Actualité
Liaison CDG Express: pour Vinci il n’y a « pas de date limite pour la décision » de sa réalisation
LeMoniteur.fr | 04/03/2010 | 18:57 | Transport et infrastructures
Vinci était le seul candidat en lice pour réaliser et exploiter cette liaison ferroviaire directe, d’une longueur totale de 32 kilomètres, entre la Gare de l’Est à Paris et l’aéroport Charles-de-Gaulle à Roissy (Val d’Oise). 7,2 millions de voyageurs par an sont attendus au début de l’exploitation et environ 10 millions à long terme (2030-2050).
Vinci avait remis en novembre dernier au ministère de l'Ecologie, son offre finale pour la réalisation et l'exploitation de cette liaison express Paris - Roissy. Le gouvernement devait établir un contrat de concession, qui, après le passage devant le Conseil d'Etat, devait être originellement signé au début 2010. Mais les discussions de Vinci avec les pouvoirs publics continuent en raison de la modification des paramètres économiques depuis la crise, notamment la baisse du nombre de passagers aériens.

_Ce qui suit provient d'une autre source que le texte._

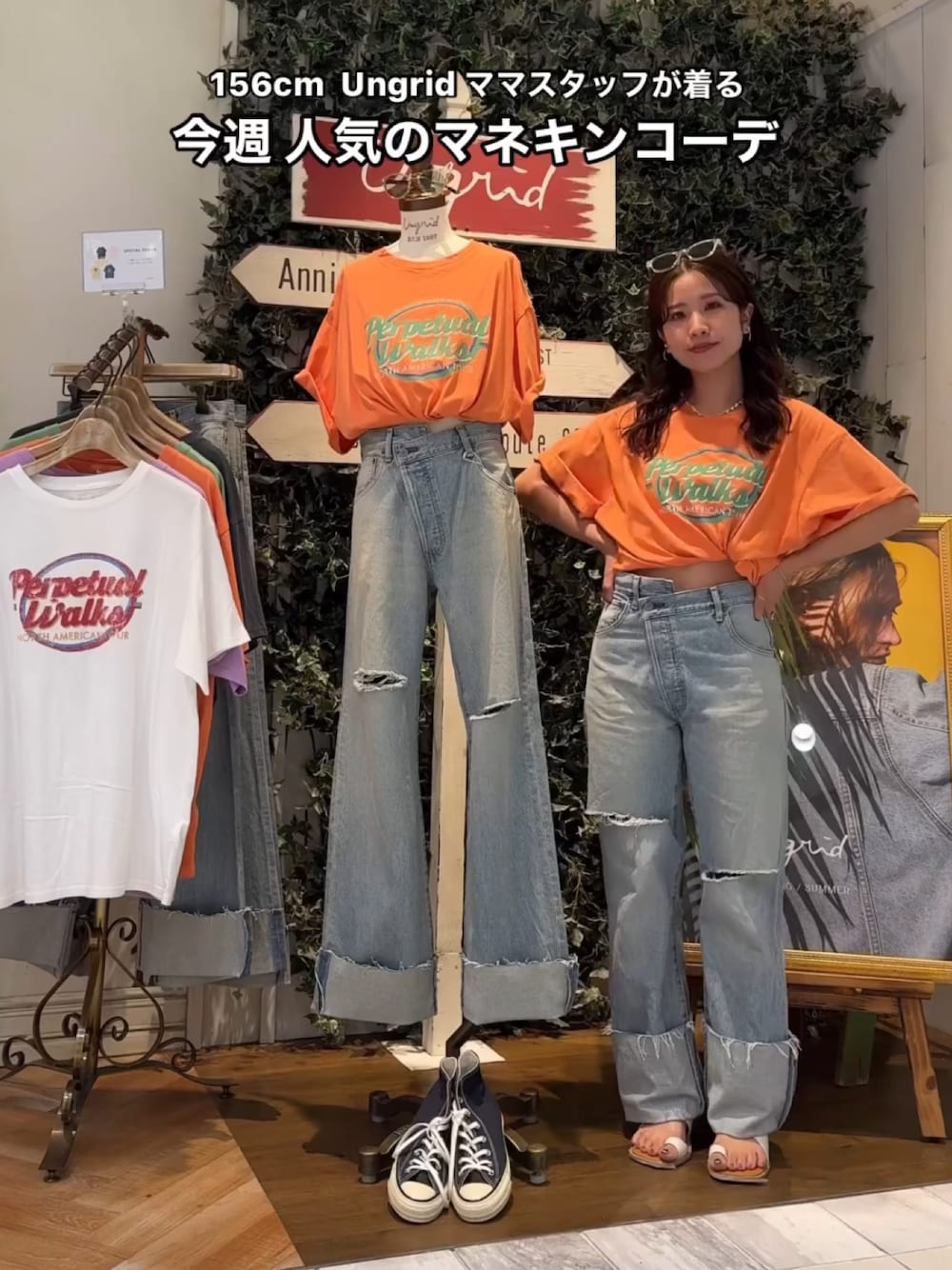 \\ instagram → @momoka_segawa_ // リールコーデ詳細🧵 《TOPS》 毎年大人気の Ungridのツアーロゴシリーズ🎶 今年も可愛いデザインが 入荷しておりますっ🌞 全体的にゆるっとしたシルエットと 薄めの生地感で、 夏も快適に着ていただけます😉 ヴィンテージ感が可愛いので 色違いで持っていても間違いなしです✌︎✌︎ 《DENIM》 見た瞬間、即決👖💥 色味もデザインも💯な 夏に映える今季イチオシdenimです🌈 360度どこから見ても可愛い♡" クラッシュデザインも 太ももらへんに入っているので 肌がそんなに見えないので 若くなりすぎない!✊🏼 何歳になっても履ける クラッシュデニムです✨ ロールアップの幅を変えて 裾直し出来るので 身長問わずに履いていただけます☺️

Xavier Huillard, directeur général du groupe a donc tenu à rassurer jeudi 4 mars : il n'existe "pas de date limite pour la décision" de la réalisation de la liaison CDG Express. "Il n'y a pas de date limite. Un point essentiel concerne les interventions qui vont être effectuées bientôt sous la piste 2 de l'aéroport CDG", a déclaré M. Huillard. Mais il a aussitôt ajouté : "Je ne vous dis pas que cette opération se fera", a ajouté M. Huillard.
Opération risquée ?
Vinci était le seul candidat en lice pour réaliser et exploiter cette liaison ferroviaire directe, d'une longueur totale de 32 kilomètres, entre la Gare de l'Est à Paris et l'aéroport Charles-de-Gaulle à Roissy (Val d'Oise).
7,2 millions de voyageurs par an sont attendus au début de l'exploitation et environ 10 millions à long terme (2030-2050). L'aéroport Charles de Gaulle est le deuxième aéroport européen en terme de de passagers.
De nombreux experts jugent cette réalisation risquée pour le concessionnaire, dans la mesure où elle doit se faire sans subvention publique, mais où les trains du CDG Express seront obligatoirement tirés par des locomotives SNCF.
Cette liaison doit être en outre en concurrence avec le RER B prochainement rénové et sans doute avec le métro régional voulu par Christian Blanc, le secrétaire d'Etat au Développement de la région capitale.
"Les projets du Grand Paris ne concurrencent pas directement cette ligne", a estimé M. Huillard.